If you’re in a work environment, okay, fine, maybe you just need to learn about each other. Just what’s your story? You don’t have the origin story in the same way as you do in an intimate relationship and a close relationship, but that’s what it seems to me that you’re doing, and it is just so useful, so well-constructed, and opens my mind to a lot of applications in my own life and in the groups that I work with, and I just loved every moment of our conversation. So, thank you for being with us again on the podcast.
Topaz Adizes:
It’s a pleasure. It was really a pleasure. Thank you so much for this. It was awesome.
Greg McKeown:
For everybody listening. You know the questions. What is something that stood out to you today, you know? What did you hear? What did you think about? What did you feel? Secondly, what is something you can do now? How can you apply this in the next five minutes, 10 minutes, certainly today that you can initiate something with somebody. Maybe it’s getting these, you know this card game. Maybe it’s getting one of the card games. Ordering that. That would certainly spark this conversation to continue.

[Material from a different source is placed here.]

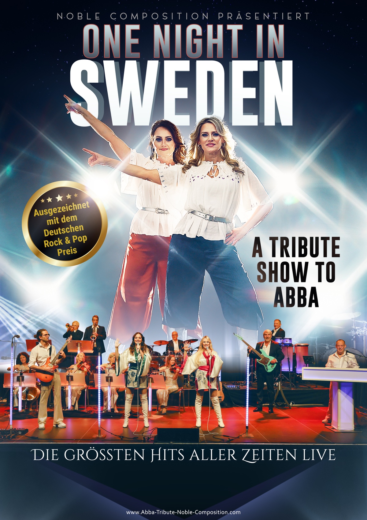 Noble Composition steht für eine Formation aus professionellen Live- und Studiomusikern der nationalen und internationalen Musikszene, die zu den erfolgreichsten Bands und Orchestern in Europa zählen. Sie lieben und leben die Musik von ABBA! Genau das ist der Grund, warum sie sich im Jahr 2021 den musikalischen Wunsch erfüllt haben, eine eigene ABBA-Tribute-Show auf die Bühne zu bringen. Ursprünglich unter Noble Composition Orchestra präsentiert die Band seit Mitte 2025 ihre erfolgreiche ABBA TRIBUTE SHOW unter dem neuen Namen „ONE NIGHT IN SWEDEN“ (A TRIBUTE SHOW TO ABBA).Im Mittelpunkt dieser ABBA-Tribute-Show stehen die Sängerinnen Linda Mikulec (Agnetha) und Simone Kerchner (Anni-Frid). Beide Sängerinnen haben sich einen eigenen Namen in der Musikbranche aufgebaut und standen schon mit vielen bekannten Showgrößen auf der Bühne. Den Part von ABBA-Mitglied Björn Ulvaeus übernimmt bei ONE NIGHT IN SWEDEN Florian Brettschneider, der mehrere Wettbewerbe auf der klassischen Gitarre gewonnen hat. Benny wird von DD Döhrn am Piano übernommen und ist ein fester Bestandteil in sämtlichen Besetzungen von Noble Composition. Ergänzt wird die Band durch Bandleader und Drummer Thomas Bleser, der zu den bekanntesten “Allround-Drummern“ Deutschlands gehört, sowie “Bassprofessor“ Andreas Düro.Eine mitreißende Bühnenshow mit Stimmen nah am Original, sowie eine einzigartige Bühne, die den entsprechenden Rahmen dazu stellt. Noble Composition garantiert mit ONE NIGHT IN SWEDEN eine ABBA-Tribute Show auf höchstem Niveau! Die Referenzen der beteiligten Musiker sprechen für sich.Weitere Informationen unter: www.abba-tribute-noble-composition.com
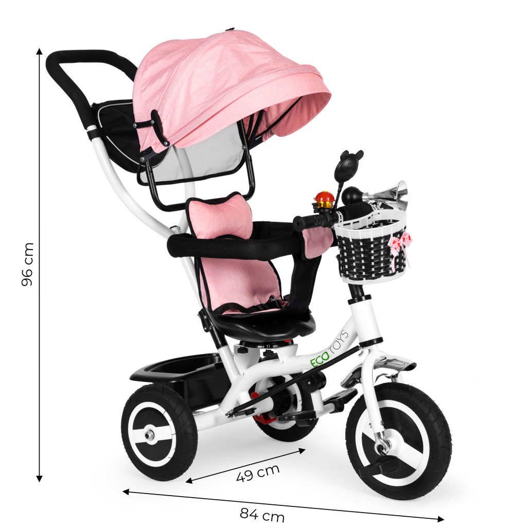 Bicicleta ECOTOYS combină o serie de soluții practice pentru a oferi copilului dvs. un mediu de joacă confortabil și sigur. Bicicleta are un spătar moale și confortabil pentru ca cel mic să se simtă bine, precum și centuri și bare pentru a-l proteja de căderea de pe scaun. Copertina rabatabilă oferă protecție împotriva ploii și a soarelui. Cadrul special profilat și scaunul pivotant facilitează urcarea celor mici.

The book is 12 Questions for Love. It’s an unusually great position for you because you can get the book and then you can have the cards to go with it. So you will really understand the sequence of these questions. Why to ask them, so much more than you would ever get in the game alone, but together, what a great combination these are.
This marvelous new book from a marvelous individual, award winner in every way, but now with an award-winning book, 12 Questions for Love. Go order it right now. Go get it immediately. And who will you have that conversation with so that you can continue this conversation now that this conversation has come to a close? Thank you really. Thank you for listening.